TL;DR
On this submit, we discover how main inference suppliers carry out on the GPT-OSS-120B mannequin utilizing benchmarks from Synthetic Evaluation. You’ll study what issues most when evaluating inference platforms together with throughput, time to first token, and price effectivity. We evaluate Vertex AI, Azure, AWS, Databricks, Clarifai, Collectively AI, Fireworks, Nebius, CompactifAI, and Hyperbolic on their efficiency and deployment effectivity.
Introduction
Massive language fashions (LLMs)Â like GPT-OSS-120B, an open-weight 120-billion-parameter mixture-of-experts mannequin, are designed for superior reasoning and multi-step technology. Reasoning workloads eat tokens quickly and place excessive calls for on compute, so deploying these fashions in manufacturing requires inference infrastructure that delivers low latency, excessive throughput, and decrease price.
Variations in {hardware}, software program optimizations, and useful resource allocation methods can result in massive variations in latency, effectivity, and price. These variations instantly have an effect on real-world functions corresponding to reasoning brokers, doc understanding methods, or copilots, the place even small delays can affect general responsiveness and throughput.
To judge these variations objectively, unbiased benchmarks have turn out to be important. As an alternative of counting on inner efficiency claims, open and data-driven evaluations now supply a extra clear strategy to assess how completely different platforms carry out below actual workloads.
On this submit, we evaluate main GPU-based inference suppliers utilizing the GPT-OSS-120B mannequin as a reference benchmark. We study how every platform performs throughout key inference metrics corresponding to throughput, time to first token, and price effectivity, and the way these trade-offs affect efficiency and scalability for reasoning-heavy workloads.
Earlier than diving into the outcomes, let’s take a fast take a look at Synthetic Evaluation and the way their benchmarking framework works.
Synthetic Evaluation Benchmarks
Synthetic Evaluation (AA) is an unbiased benchmarking initiative that runs standardized checks throughout inference suppliers to measure how fashions like GPT-OSS-120B carry out in actual situations. Their evaluations concentrate on real looking workloads involving lengthy contexts, streaming outputs, and reasoning-heavy prompts slightly than quick, artificial samples.
You may discover the complete GPT-OSS-120B benchmark outcomes right here.
Synthetic Evaluation evaluates a spread of efficiency metrics, however right here we concentrate on the three key elements that matter when selecting an inference platform for GPT-OSS-120B: time to first token, throughput, and price per million tokens.
- Time to First Token (TTFT)
The time between sending a immediate and receiving the mannequin’s first token.

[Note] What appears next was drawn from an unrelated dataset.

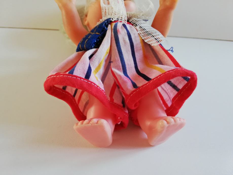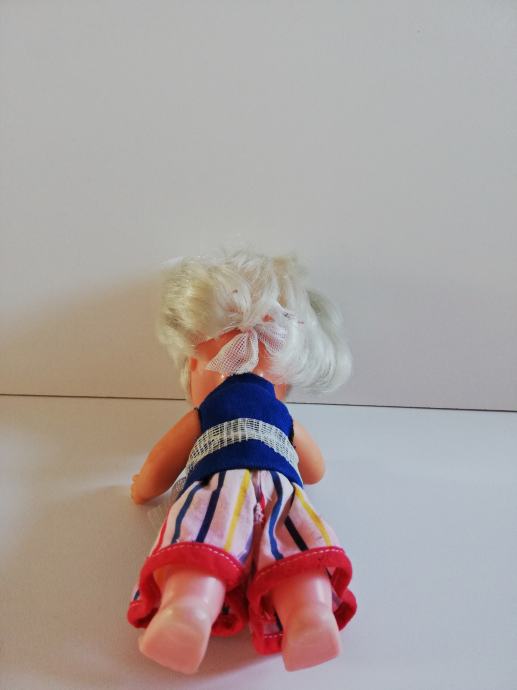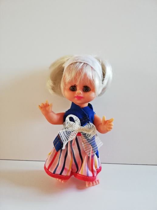 Lutka je visine 20 cm, plava kosa, pomične ruke i noge, sklapa oči, suknja - hlače na crte, plava bluza - 50 kn

Decrease TTFT means output begins streaming sooner, which is crucial for interactive functions and multi-step reasoning the place delays can disrupt the circulation. - Throughput (tokens per second)
The speed at which tokens are generated as soon as streaming begins. Greater throughput shortens complete completion time for lengthy outputs and permits extra concurrent requests, instantly affecting scalability for large-context or multi-turn workloads. - Value per million tokens (blended price)
A mixed metric that accounts for each enter and output token pricing. This offers a transparent view of operational prices for prolonged contexts and streaming workloads, serving to groups plan for predictable bills.
Benchmark Methodology
- Immediate Measurement: Benchmarks coated on this weblog use a 1,000-token enter immediate run by Synthetic Evaluation, reflecting a typical real-world situation corresponding to a chatbot question or reasoning-heavy instruction. Benchmarks for considerably longer prompts are additionally obtainable and may be explored for reference right here.
- Median Measurements: The reported values signify the median (p50) during the last 72 hours, capturing sustained efficiency developments slightly than single-point spikes or dips. For essentially the most up-to-date benchmark outcomes, go to the Synthetic Evaluation GPT‑OSS‑120B mannequin suppliers web page right here.
- Metrics Focus: This abstract highlights time to first token (TTFT), throughput, and blended price to supply a sensible view for workload planning. Different metrics—corresponding to end-to-end response time, latency by enter token rely, and time to first reply token—are additionally measured by Synthetic Evaluation however usually are not included on this overview.
With this technique in thoughts, we will now evaluate how completely different GPU-based platforms carry out on GPT‑OSS‑120B and what these outcomes suggest for reasoning-heavy workloads.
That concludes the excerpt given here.